Kyaukme a été capturée par l’Armée de libération nationale Ta’ang en août 2024, au milieu d’une vague de victoires des opposants au gouvernement militaire qui leur a apparemment laissé le contrôle de la majeure partie du territoire du pays. Le TNLA est l’armée de guérilla de la minorité ethnique Palaung.
La ville est revenue aux mains du gouvernement militaire le 1er octobre après trois semaines de bataille, ce qui constitue une victoire significative pour les forces gouvernementales.
L’armée a mené une succession d’offensives réussies ces derniers mois, à la veille des élections prévues pour la fin de l’année. Les critiques affirment que les élections ne seront ni libres ni équitables, mais l’armée espère que le taux de participation élevé contribuera à légitimer le vote.
Avant d’attaquer Kyaukme, l’armée a repris en juillet la ville de Nawnghkio, considérée comme une porte d’entrée vers le cœur du Myanmar car située à la croisée des collines de l’est du pays et des plaines centrales.
De là, sur 55 kilomètres jusqu’à Kyaukme, la route est bordée de bâtiments endommagés par les bombes et les balles, ou réduits en ruines.
Des postes de contrôle de l’armée, tenus par des soldats nouvellement recrutés, sont situés tous les 500 à 1 000 mètres (yards) le long de la route. Un pont majeur a été endommagé, mais reste debout et en réparation.
Les autorités ont bloqué l’accès des journalistes à certaines zones résidentielles, qu’elles considéraient comme dangereuses.
“Il y a encore des mines terrestres qui n’ont pas été éliminées dans certaines parties du quartier”, a déclaré le capitaine Wai Yan Kyaw, stationné à l’une des portes de la ville.
Les journalistes ont vu des munitions non explosées, notamment un obus de mortier enfoncé dans le sol d’un monastère bouddhiste.
Les habitants qui ont parlé à l’AP ont déclaré que seule une petite partie de la population de la ville était revenue depuis sa reconquête.
Un habitant qui était resté pendant les combats a déclaré que l’écrasante majorité avait fui après le début des combats l’année dernière, et que ceux qui étaient restés, comme lui, l’avaient fait parce qu’ils n’avaient pas les moyens de partir.
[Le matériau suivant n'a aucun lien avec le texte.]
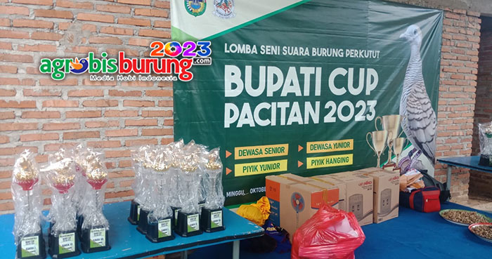 PACITAN, agrobisburung.com –  Konkurs Bupati Pacitan Cup 2023 pada Minggu (01/10) menjadi kebangkitan kungmania Pacitan untuk meramaikan hobi perkutut Kabupaten Barat Selatan blok Timur. Hal ini juga ditandai dengan hadirnya Bupati Pacitan Indrata Nur Banyuaji , H Sugik tokoh perkutut Pacitan dan tokoh tokoh lain serta pengurus pengda Pacitan yang sangat bersuka cita dengan gelaran tersebut. Dan juga kehadiran kungmania dari berbagai kota juga membuat konkurs tersebut sangat meriah. “Terima kasih atas kehadiran Bupati Pacitan, tokoh tokoh perkutut di Pacitan dan para peternak di Pacitan serta kungmania dari berbagai kota yang hadir di gelaran Bupati Cup Pacitan,” kata Prima salah satu kru panitia.

Il a parlé sous couvert d’anonymat pour éviter le harcèlement des autorités.
Kyaukme se trouve près de la ligne de front de l’offensive continue de l’armée, et les soldats disent croire que les forces du TNLA se trouvent dans les collines à seulement 32 kilomètres (20 miles).
Un chauffeur de taxi-moto d’une trentaine d’années, qui a également demandé à ne pas être identifié pour sa propre sécurité, a déclaré que les rues autrefois très fréquentées de la ville étaient désormais pratiquement désertes et qu’il pensait que les habitants ne seraient pas disposés à revenir tant que l’armée n’aurait pas repris d’autres villes voisines.
“Les gens ne veulent pas vivre près de la ligne de front”, a déclaré le chauffeur, revenu mardi.